I already did this in #15, there is no crash without the CUDA to OpenGL copy.
3.
This is what I use in acquire_stream_frame (src/cuda/core.cpp). I also already used the cudaHistogram sample as a reference.
(I removed all code samples from this reply, I think it is flagged as code injection attack, it was not big)
Hi,
Sorry that we don’t have enough time to check your source code in detail.
But there are some clues we found can share with you.
Do you apply EGL map to every camera frame?
cuResult = cuGraphicsResourceGetMappedEglFrame(&cudaEGLFrame, cudaResource, 0, 0);
Argus is a non-buffered producer and will present a new frame every time.

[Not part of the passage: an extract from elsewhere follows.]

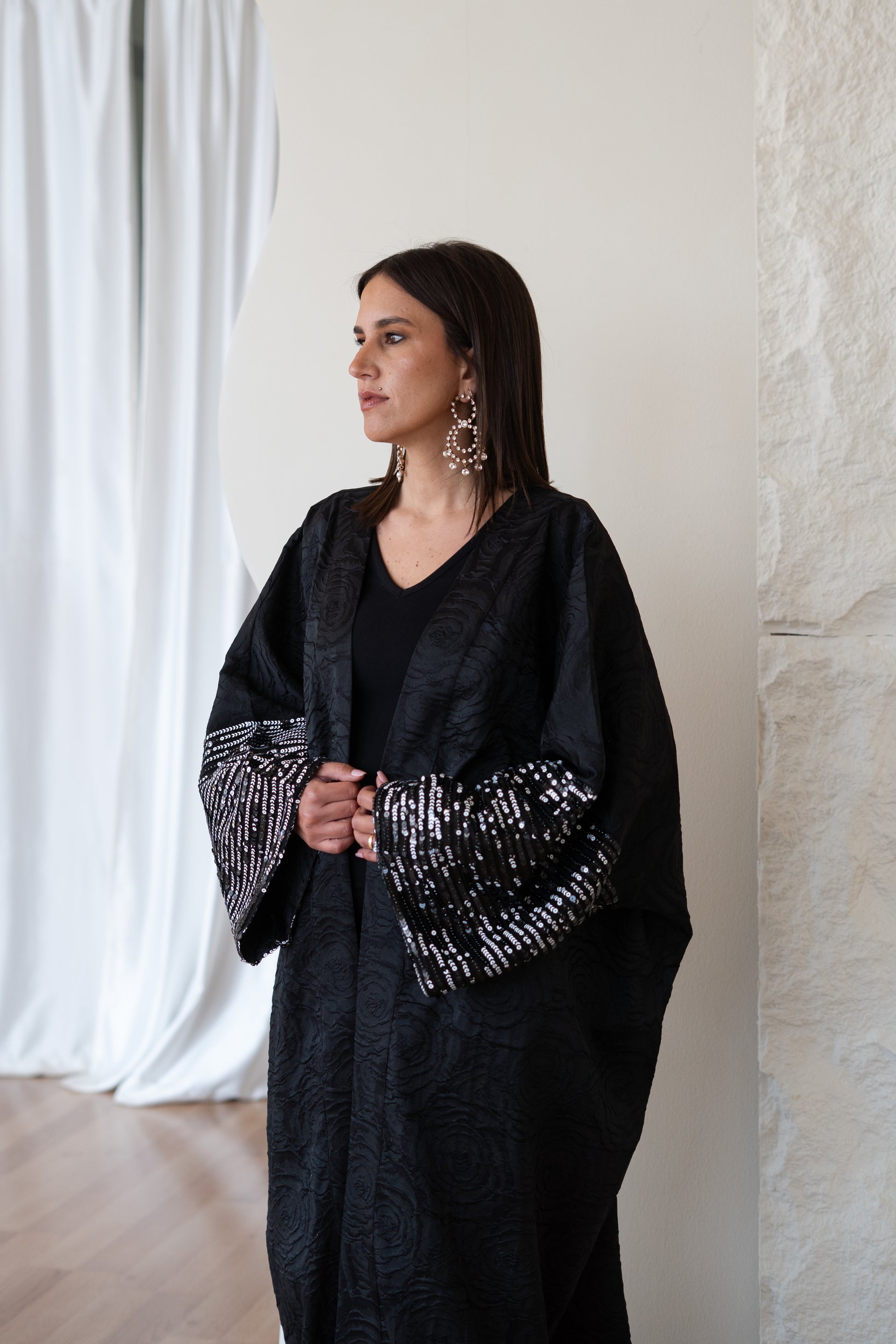 The Nous Kaftan embodies timeless elegance with a touch of embellishment. Crafted in classic black, its flowing silhouette is enhanced by delicate sleeve details, adding subtle glamour while maintaining a refined look. Perfect for Ramadan gatherings, evening events, and effortless chic styling, this kaftan is a must-have for those who appreciate understated luxury.
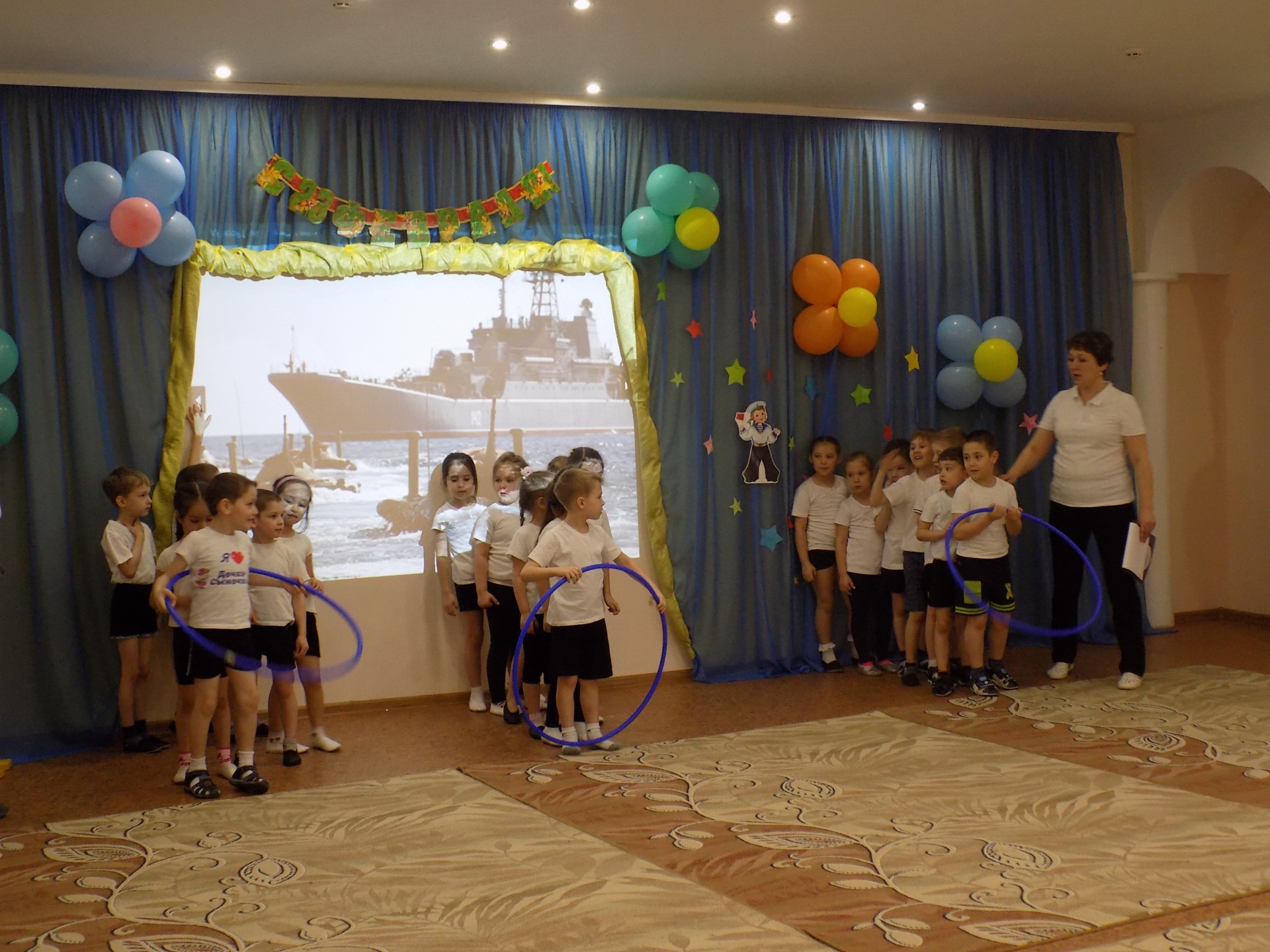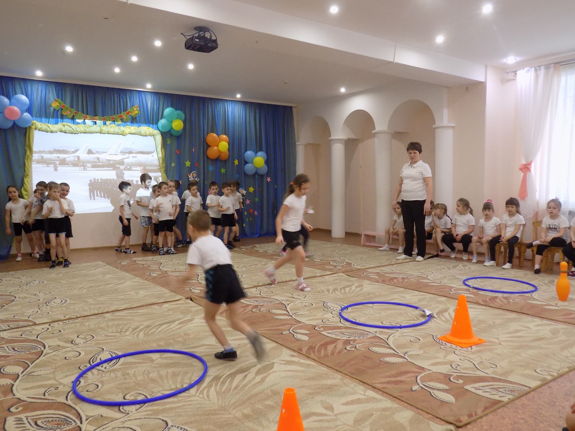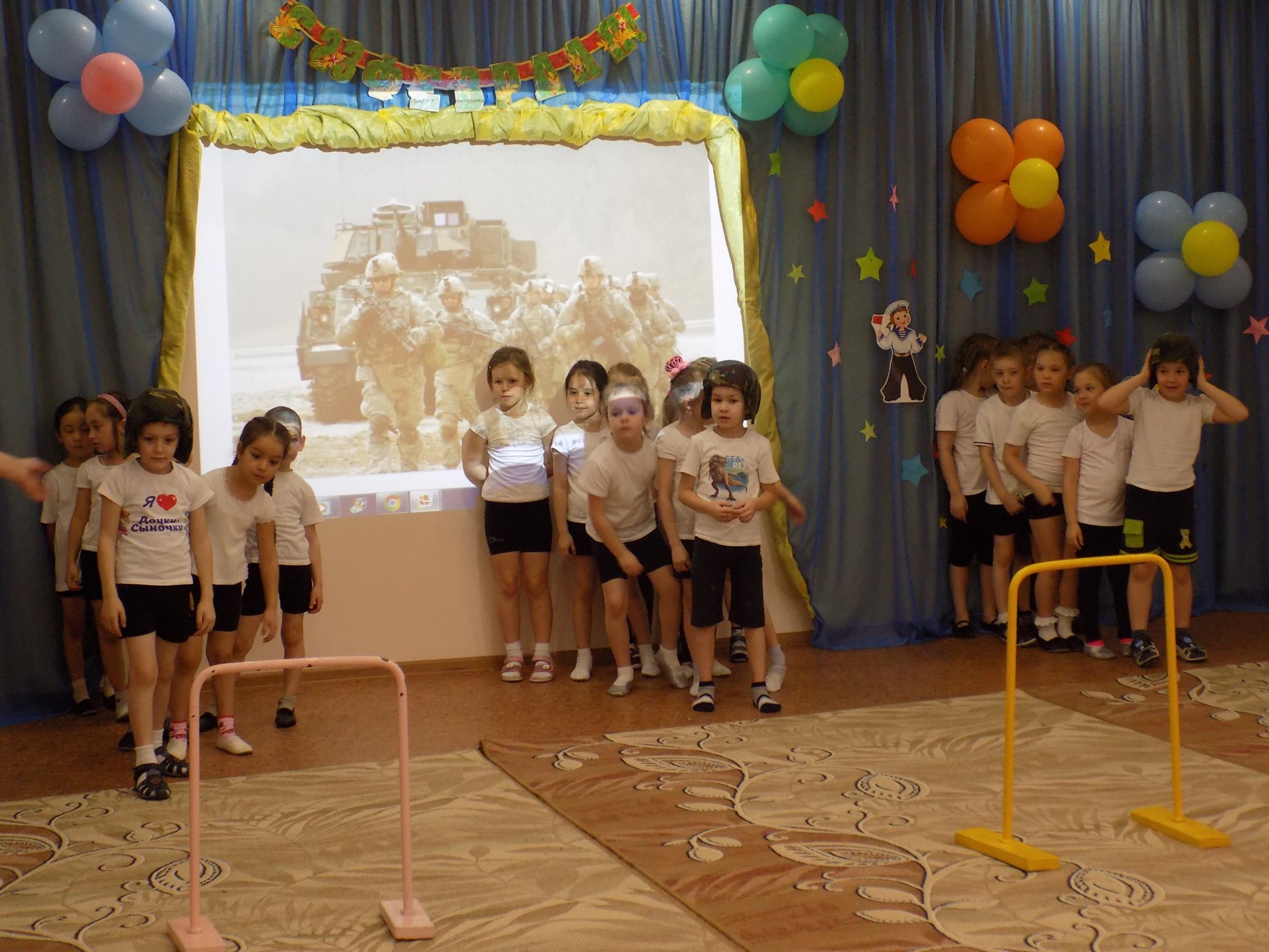 В этот день ребята подготовительных групп «Улыбка», «Непоседы», «Почемучки» пришли в музыкальный зал, чтобы в спортивных состязаниях выявить смелых и отважных, ловких и надёжных мальчиков, которые вырастут и станут защитниками Отечества. Праздник начался с чтения стихов. После стихов был танец «Нано - техно», а дальше самое интересное…

Please remember to call ELG map when you acquire a new image.
Thanks.
Yes, here is the pattern I use as shown in #1:
cuEGLStreamConsumerAcquireFrame
cuGraphicsResourceGetMappedEglFrame
cuSurfObjectCreate
// use frame array / surface
cuSurfObjectDestroy
cuEGLStreamConsumerReleaseFrame
Hi,
Could you try to use CUDA_RESOURCE_DESC and surf2D[op] rather than cudaArray_t?
Thanks.
Hi,
I replaced the array copy with the following:
cudaResourceDesc rd;
memset(&rd, 0, sizeof(rd));
rd.resType = cudaResourceTypeArray;
rd.res.array.array = array;
cudaSurfaceObject_t surface;
if (!CUDA_CHECK(cudaCreateSurfaceObject(&surface, &rd))) {
return false;
}
cuda_surface_copy(intensity, surface, width, height);
CUDA_CHECK(cudaDestroySurfaceObject(surface));
return true;
the copy kernel being:
const size_t BDX = 32;
const size_t BDY = 4;
__global__
static void kernel(
cudaSurfaceObject_t src,
cudaSurfaceObject_t dst,
const size_t width_bytes,
const size_t height
) {
for (
size_t y = blockIdx.y * blockDim.y + threadIdx.y;
y < height;
y += blockDim.y * gridDim.y
) {
for (
size_t x = blockIdx.x * blockDim.x + threadIdx.x;
x < width_bytes;
x += blockDim.x * gridDim.x
) { // TODO: uint4 vectorisation
uint8_t data;
surf2Dread(&data, src, x * sizeof(uint8_t), y);
surf2Dwrite(data, dst, x * sizeof(uint8_t), y);
}
}
}
void cuda_surface_copy(
cudaSurfaceObject_t src,
cudaSurfaceObject_t dst,
const size_t width_bytes,
const size_t height
) {
dim3 block_dim(BDX, BDY);
dim3 grid_dim(udiv_ceil((unsigned int)(width_bytes), block_dim.x),
udiv_ceil((unsigned int)(height), block_dim.y));
kernel<<<grid_dim, block_dim>>>(src, dst, width_bytes, height);
must(CUDA_CHECK(cudaGetLastError()));
}
It still crashes with the memory bloat error after a few frames.
Hi,
Suppose this is almost identical to the sample cudaHistogram.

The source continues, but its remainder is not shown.